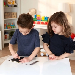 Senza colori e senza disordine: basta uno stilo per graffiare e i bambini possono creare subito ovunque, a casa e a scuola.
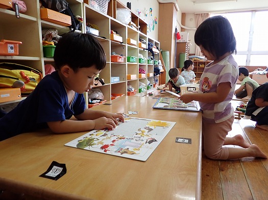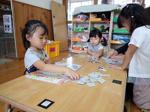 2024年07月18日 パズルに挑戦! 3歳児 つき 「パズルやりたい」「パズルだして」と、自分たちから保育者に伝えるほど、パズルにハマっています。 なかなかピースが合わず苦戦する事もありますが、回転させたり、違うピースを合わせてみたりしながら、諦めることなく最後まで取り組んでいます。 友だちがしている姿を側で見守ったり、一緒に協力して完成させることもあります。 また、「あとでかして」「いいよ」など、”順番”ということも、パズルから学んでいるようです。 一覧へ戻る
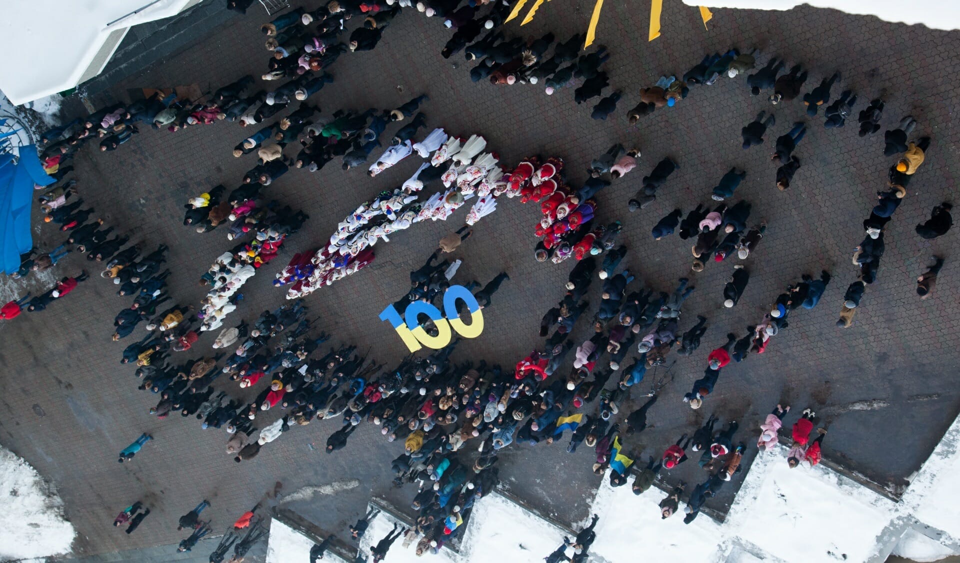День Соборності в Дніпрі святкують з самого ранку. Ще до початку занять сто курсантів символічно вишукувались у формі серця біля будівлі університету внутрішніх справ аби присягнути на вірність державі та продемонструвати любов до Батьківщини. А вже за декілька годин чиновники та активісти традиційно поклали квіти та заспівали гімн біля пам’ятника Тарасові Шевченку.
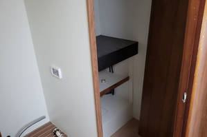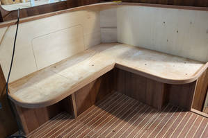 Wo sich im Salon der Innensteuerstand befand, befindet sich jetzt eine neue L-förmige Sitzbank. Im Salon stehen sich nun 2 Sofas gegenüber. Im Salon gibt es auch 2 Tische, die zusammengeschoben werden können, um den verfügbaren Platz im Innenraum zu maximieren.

● **Brief**
The line with "День Соборності в" marks the start, and the last line of the material marks the end. Reproduce exactly those two lines and every line between them, without the pictures.

● **Expected answer**
День Соборності в Дніпрі святкують з самого ранку. Ще до початку занять сто курсантів символічно вишукувались у формі серця біля будівлі університету внутрішніх справ аби присягнути на вірність державі та продемонструвати любов до Батьківщини. А вже за декілька годин чиновники та активісти традиційно поклали квіти та заспівали гімн біля пам’ятника Тарасові Шевченку.
 Wo sich im Salon der Innensteuerstand befand, befindet sich jetzt eine neue L-förmige Sitzbank. Im Salon stehen sich nun 2 Sofas gegenüber. Im Salon gibt es auch 2 Tische, die zusammengeschoben werden können, um den verfügbaren Platz im Innenraum zu maximieren.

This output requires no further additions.